▸ ASSIGNMENT: Go through the lines below and repeat each one exactly, skipping pictures.

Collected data
──────────────────────────────

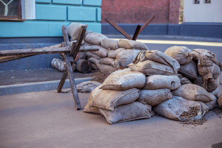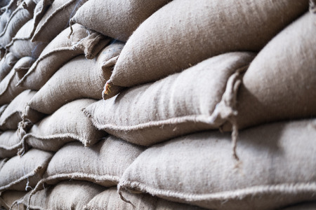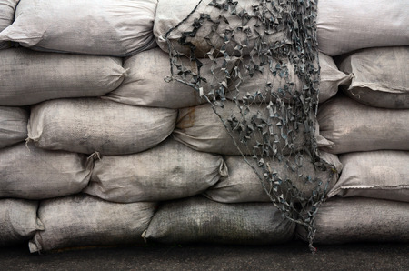 Shelter in a soldier's battle. War and fighting on the battlefield. Pile of sandbags barrier to prevent flooding. Warfare background with copy space. Military mission.
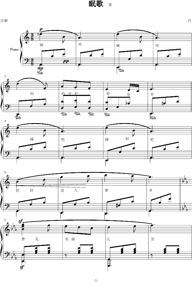 眠歌免费钢琴谱_五线谱/词曲:塞外孤笛塞外孤笛点击: 1000 图片可能经过缩放,手机长按或点开后长按保存,电脑鼠标右键保存.
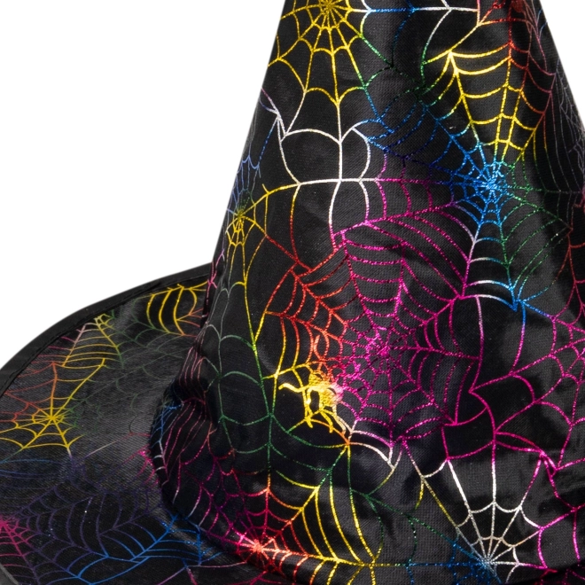 Peppen Sie das Kinder-Hexenkostüm mit diesem stylischen Hut mit buntem Spinnennetz-Motiv auf. Dank der spitzen Form und der breiten Krempe wirkt er authentisch und zugleich verspielt.
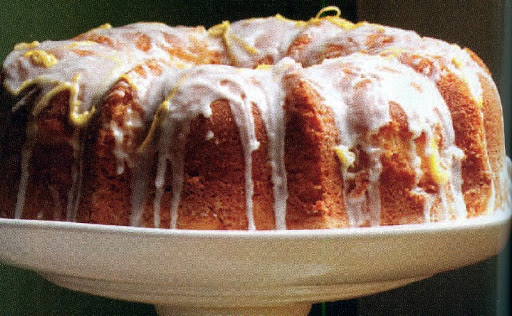 6. To make the glaze, combine the powdered sugar, lemon juice, and zest in a bowl, and beat until smooth. While the cake is still warm, poke holes into the surface with a skewer and drizzle the lemon glaze evenly over the cake.
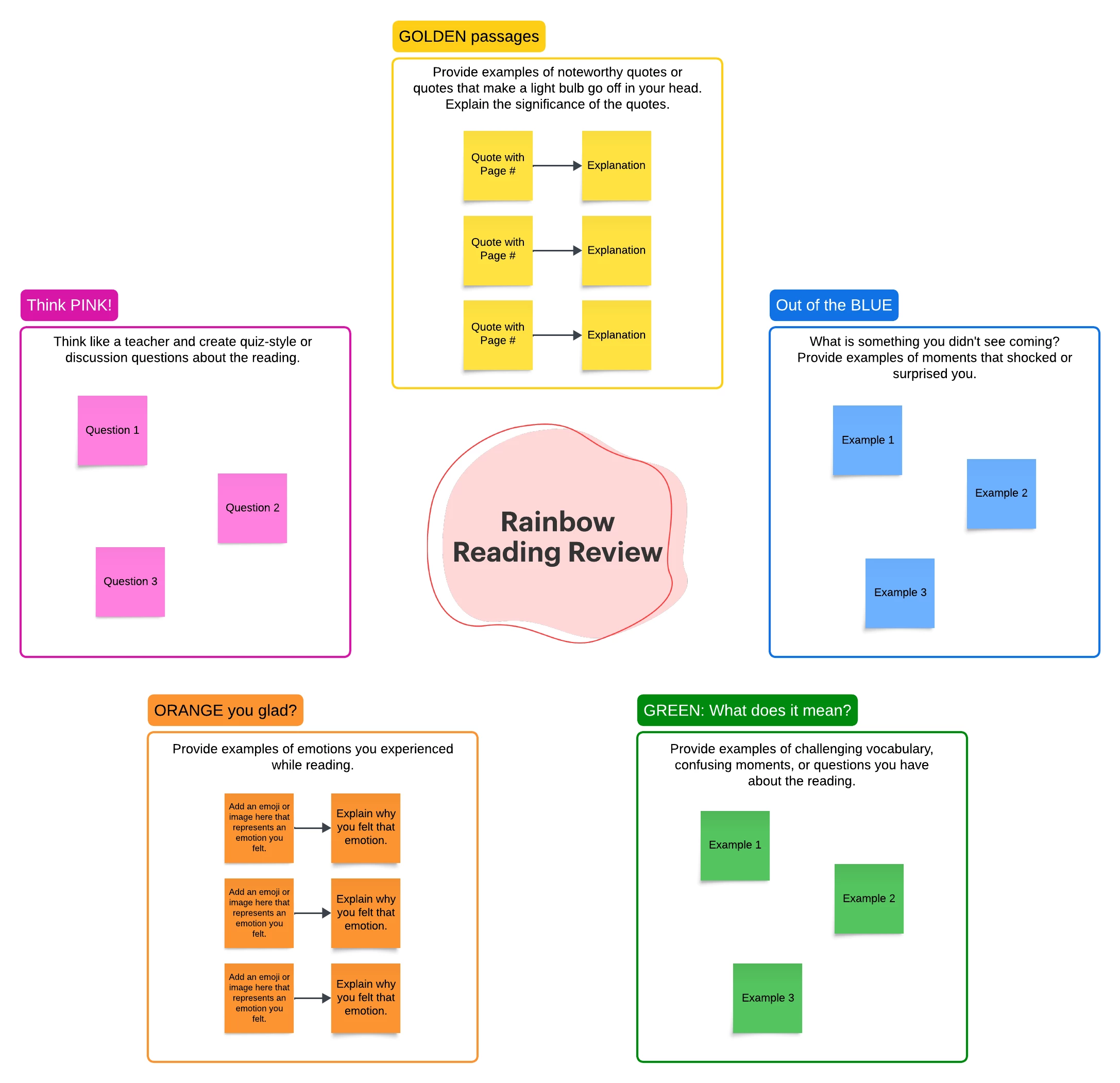 Last month, we asked you which Jamboard template would you like to see recreated in Lucidspark. The template that got the most votes was the Reading Rainbow Review 🎉🌈
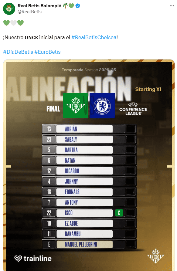 Deportes | Betis vs Chelsea: EN VIVO, final de la Conference League, horario, canales Sigue aquí el minuto a minuto del partido por el título del torneo de Europa Oralia López 28 de mayo de 2025 - 14:54 hs 1 ‒ 4 Termina el partido y Chelsea es campeón de la Conference League El equipo inglés se consolida como el primer equipo en ganar los tres títulos de las competencias europeas, luego de la Champions y Europa League. ¡Goool! Caicedo anota el cuarto al minuto 90+1. Se acerca el título para los Blues. ¡Otro gol! Sancho anota al 83 el tercero para la causa inglesa. ¡Gooool! Jackson pone el segundo al minuto 71 y el Chelsea ya le dio la vuelta al marcador. ¡Goool! Se empata el partido. Enzo Fernández anota al minuto 65 el primer tanto de los azules y se empareja el marcador. Comienza la segunda parte Se juega el segundo tiempo en Bresalvia. Termina el primer tiempo Se acaban los primeros 45 minutos de la final; los equipos regresan al vestidor, la ventaja todavía es para el Betis. 30 minutos de pocas emociones Transcurridos los primeros 30 minutos del partido, el juego se encuentra igualado; aun con la ventaja para el Betis, el Chelsea sigue al frente, sin mucho éxito. ¡Goool! Abde Ezzalzouuli abre el marcador a los 9 minutos; Betis ya va ganando el partido. ¡Arranca el partido! Rueda el balón en Breslavia. Los 11 de cada equipo, listos para el inicio del partido Betis y Chelsea revelan el 11 inicial con el que encararán la primera parte de la final. Temas Real Betis Chelsea Futbol Internacional UEFA conference league final Lee También México sufre la baja de este jugador rumbo a Fecha FIFA Luis Ángel Malagón y su esposa desmienten acusaciones de violencia Lo que se sabe de la supuesta denuncia contra el portero del América ¿Dónde ver EN VIVO la final de la Conference League Betis vs Chelsea?
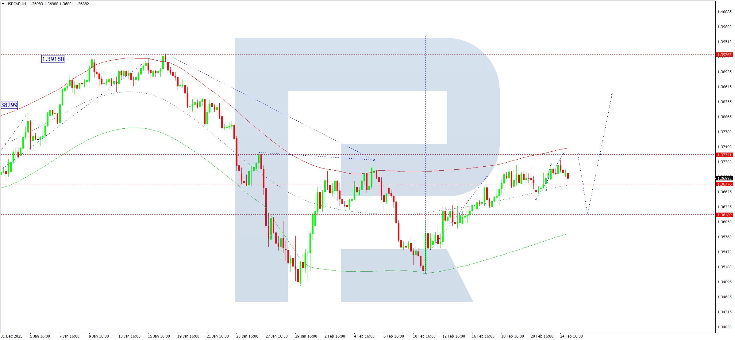 บนกราฟ H4 ของคู่ USDCAD ตลาดกำลังก่อตัวโครงสร้างขาขึ้นสู่ 1.3737 วันนี้ 25 กุมภาพันธ์ 2026 กำลังก่อตัวกรอบสะสมตัวบริเวณ 1.3690 คาดว่าจะปรับตัวลงสู่ 1.3670 จากนั้นกลับมาปรับตัวขึ้นสู่ 1.3737 หลังจากนั้นอาจเกิดการปรับฐานสู่ 1.3636
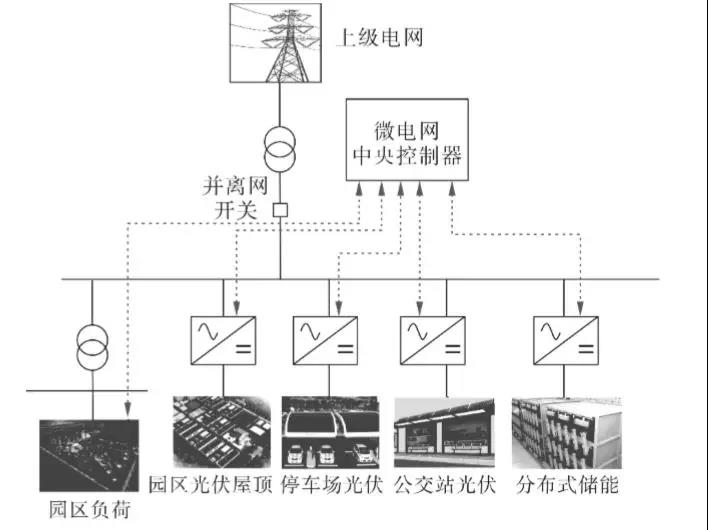 圖1產(chǎn)業(yè)園區(qū)典型光儲微電網(wǎng)系統(tǒng)的形態(tài)示意圖
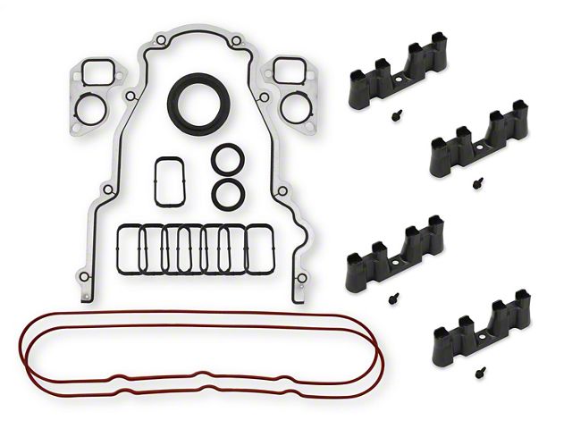 When you change a cam, you don't need a complete engine gasket set, because you don't have to take everything apart. Mr. Gasket cam change gasket sets are tailored to deliver just the pieces that you need when you swap bump-sticks. They include gaskets for the valve covers, intake manifold, oil pan, water pump, timing-chain cover, and fuel pump.
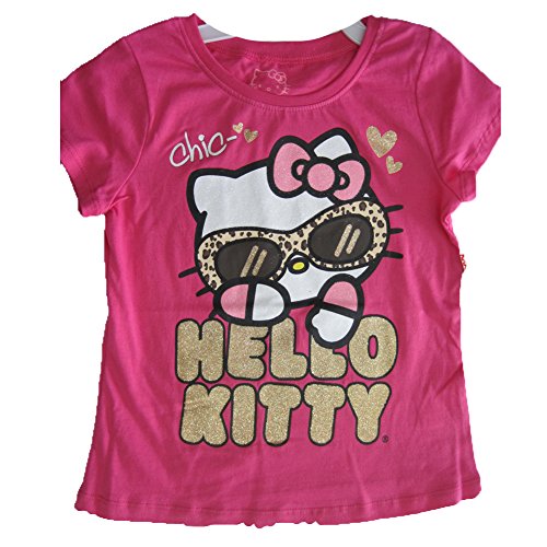Simply adorable, great summery short sleeved top for your little girl from Hello Kitty! Cozy, soft tee is embellished with a cute Kitty applique with leopard spotted accent and also glittery letters on a red background. The T-shirt reveals the famous motif inspired by the well known cartoons.Feature
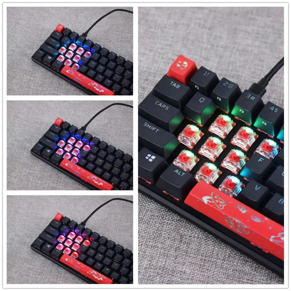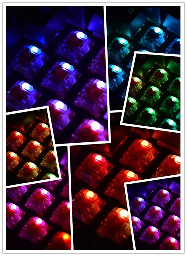 管家这次入手的HyperX起源65使用HyperX自主的线性火轴,其具体参数为触发行程1.8mm+按键行程3.8mm+触发弹力45g,手感上对标樱桃红轴/银轴,手感干净利落且直上直下,没有落段感;而轴体外框采用透明材质,在RGB透光方面表现突出;在大键部分,HyperX起源65使用卫星轴设计。
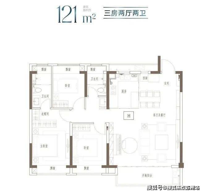 户型特点:3开间朝南,全屋阳光充足;L型厨房转角移门设计,最大化空间视野;四飘窗设计,通透空间享受;动静分区,亲密有度;套房式主卧,容纳私谧生活点滴;
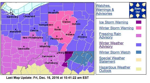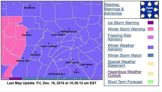 The National Weather Service has issued a "winter weather advisory" for eastern and central Pennsylvania that will remain in effect from 10 p.m. Friday evening until 2 p.m. Saturday. A "winter storm warning" is in effect for the Pittsburgh area.
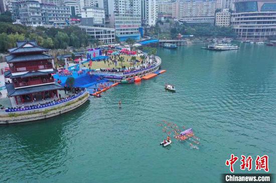 国内800余名冬泳爱好者横渡长江三峡。巴东融媒体中心 供图
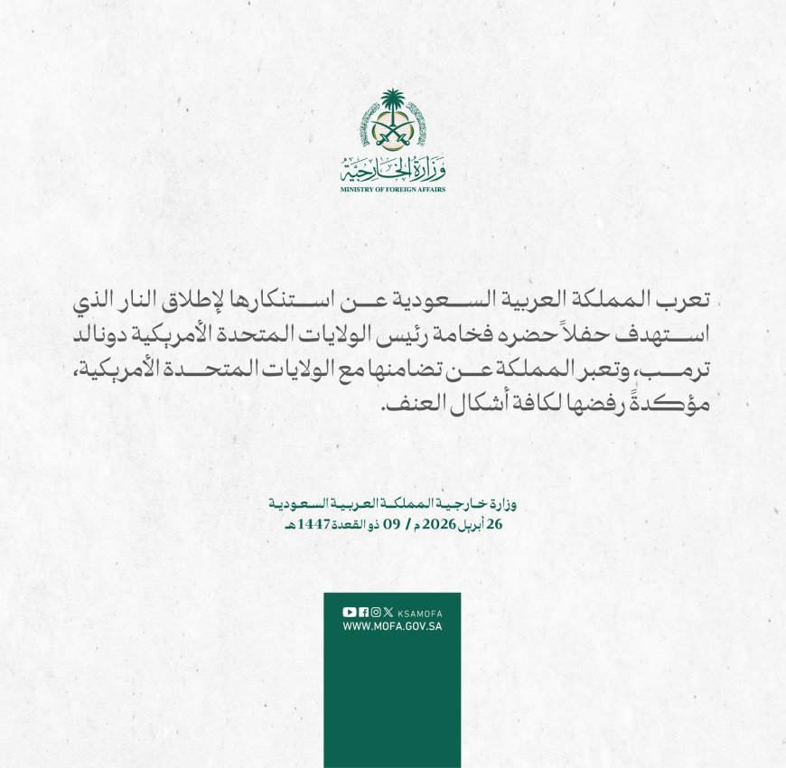 أعربت المملكة العربية السعودية عن استنكارها الشديد لحادث إطلاق النار الذي استهدف حفلاً حضره الرئيس الأمريكي دونالد ترامب، مؤكدة رفضها الكامل لكافة أشكال العنف، وجاء ذلك في بيان رسمي صادر عن وزارة الخارجية السعودية، شدد على تضامن المملكة مع الولايات المتحدة في مواجهة مثل هذه الحوادث.

──────────────────────────────

▸ RESULT FOR THIS EXERCISE:
 Shelter in a soldier's battle. War and fighting on the battlefield. Pile of sandbags barrier to prevent flooding. Warfare background with copy space. Military mission.
 眠歌免费钢琴谱_五线谱/词曲:塞外孤笛塞外孤笛点击: 1000 图片可能经过缩放,手机长按或点开后长按保存,电脑鼠标右键保存.
 Peppen Sie das Kinder-Hexenkostüm mit diesem stylischen Hut mit buntem Spinnennetz-Motiv auf. Dank der spitzen Form und der breiten Krempe wirkt er authentisch und zugleich verspielt.
 6. To make the glaze, combine the powdered sugar, lemon juice, and zest in a bowl, and beat until smooth. While the cake is still warm, poke holes into the surface with a skewer and drizzle the lemon glaze evenly over the cake.
 Last month, we asked you which Jamboard template would you like to see recreated in Lucidspark. The template that got the most votes was the Reading Rainbow Review 🎉🌈
 Deportes | Betis vs Chelsea: EN VIVO, final de la Conference League, horario, canales Sigue aquí el minuto a minuto del partido por el título del torneo de Europa Oralia López 28 de mayo de 2025 - 14:54 hs 1 ‒ 4 Termina el partido y Chelsea es campeón de la Conference League El equipo inglés se consolida como el primer equipo en ganar los tres títulos de las competencias europeas, luego de la Champions y Europa League. ¡Goool! Caicedo anota el cuarto al minuto 90+1. Se acerca el título para los Blues. ¡Otro gol! Sancho anota al 83 el tercero para la causa inglesa. ¡Gooool! Jackson pone el segundo al minuto 71 y el Chelsea ya le dio la vuelta al marcador. ¡Goool! Se empata el partido. Enzo Fernández anota al minuto 65 el primer tanto de los azules y se empareja el marcador. Comienza la segunda parte Se juega el segundo tiempo en Bresalvia. Termina el primer tiempo Se acaban los primeros 45 minutos de la final; los equipos regresan al vestidor, la ventaja todavía es para el Betis. 30 minutos de pocas emociones Transcurridos los primeros 30 minutos del partido, el juego se encuentra igualado; aun con la ventaja para el Betis, el Chelsea sigue al frente, sin mucho éxito. ¡Goool! Abde Ezzalzouuli abre el marcador a los 9 minutos; Betis ya va ganando el partido. ¡Arranca el partido! Rueda el balón en Breslavia. Los 11 de cada equipo, listos para el inicio del partido Betis y Chelsea revelan el 11 inicial con el que encararán la primera parte de la final. Temas Real Betis Chelsea Futbol Internacional UEFA conference league final Lee También México sufre la baja de este jugador rumbo a Fecha FIFA Luis Ángel Malagón y su esposa desmienten acusaciones de violencia Lo que se sabe de la supuesta denuncia contra el portero del América ¿Dónde ver EN VIVO la final de la Conference League Betis vs Chelsea?
 บนกราฟ H4 ของคู่ USDCAD ตลาดกำลังก่อตัวโครงสร้างขาขึ้นสู่ 1.3737 วันนี้ 25 กุมภาพันธ์ 2026 กำลังก่อตัวกรอบสะสมตัวบริเวณ 1.3690 คาดว่าจะปรับตัวลงสู่ 1.3670 จากนั้นกลับมาปรับตัวขึ้นสู่ 1.3737 หลังจากนั้นอาจเกิดการปรับฐานสู่ 1.3636
 圖1產(chǎn)業(yè)園區(qū)典型光儲微電網(wǎng)系統(tǒng)的形態(tài)示意圖
 When you change a cam, you don't need a complete engine gasket set, because you don't have to take everything apart. Mr. Gasket cam change gasket sets are tailored to deliver just the pieces that you need when you swap bump-sticks. They include gaskets for the valve covers, intake manifold, oil pan, water pump, timing-chain cover, and fuel pump.
Simply adorable, great summery short sleeved top for your little girl from Hello Kitty! Cozy, soft tee is embellished with a cute Kitty applique with leopard spotted accent and also glittery letters on a red background. The T-shirt reveals the famous motif inspired by the well known cartoons.Feature
 管家这次入手的HyperX起源65使用HyperX自主的线性火轴,其具体参数为触发行程1.8mm+按键行程3.8mm+触发弹力45g,手感上对标樱桃红轴/银轴,手感干净利落且直上直下,没有落段感;而轴体外框采用透明材质,在RGB透光方面表现突出;在大键部分,HyperX起源65使用卫星轴设计。
 户型特点:3开间朝南,全屋阳光充足;L型厨房转角移门设计,最大化空间视野;四飘窗设计,通透空间享受;动静分区,亲密有度;套房式主卧,容纳私谧生活点滴;
 The National Weather Service has issued a "winter weather advisory" for eastern and central Pennsylvania that will remain in effect from 10 p.m. Friday evening until 2 p.m. Saturday. A "winter storm warning" is in effect for the Pittsburgh area.
 国内800余名冬泳爱好者横渡长江三峡。巴东融媒体中心 供图
 أعربت المملكة العربية السعودية عن استنكارها الشديد لحادث إطلاق النار الذي استهدف حفلاً حضره الرئيس الأمريكي دونالد ترامب، مؤكدة رفضها الكامل لكافة أشكال العنف، وجاء ذلك في بيان رسمي صادر عن وزارة الخارجية السعودية، شدد على تضامن المملكة مع الولايات المتحدة في مواجهة مثل هذه الحوادث.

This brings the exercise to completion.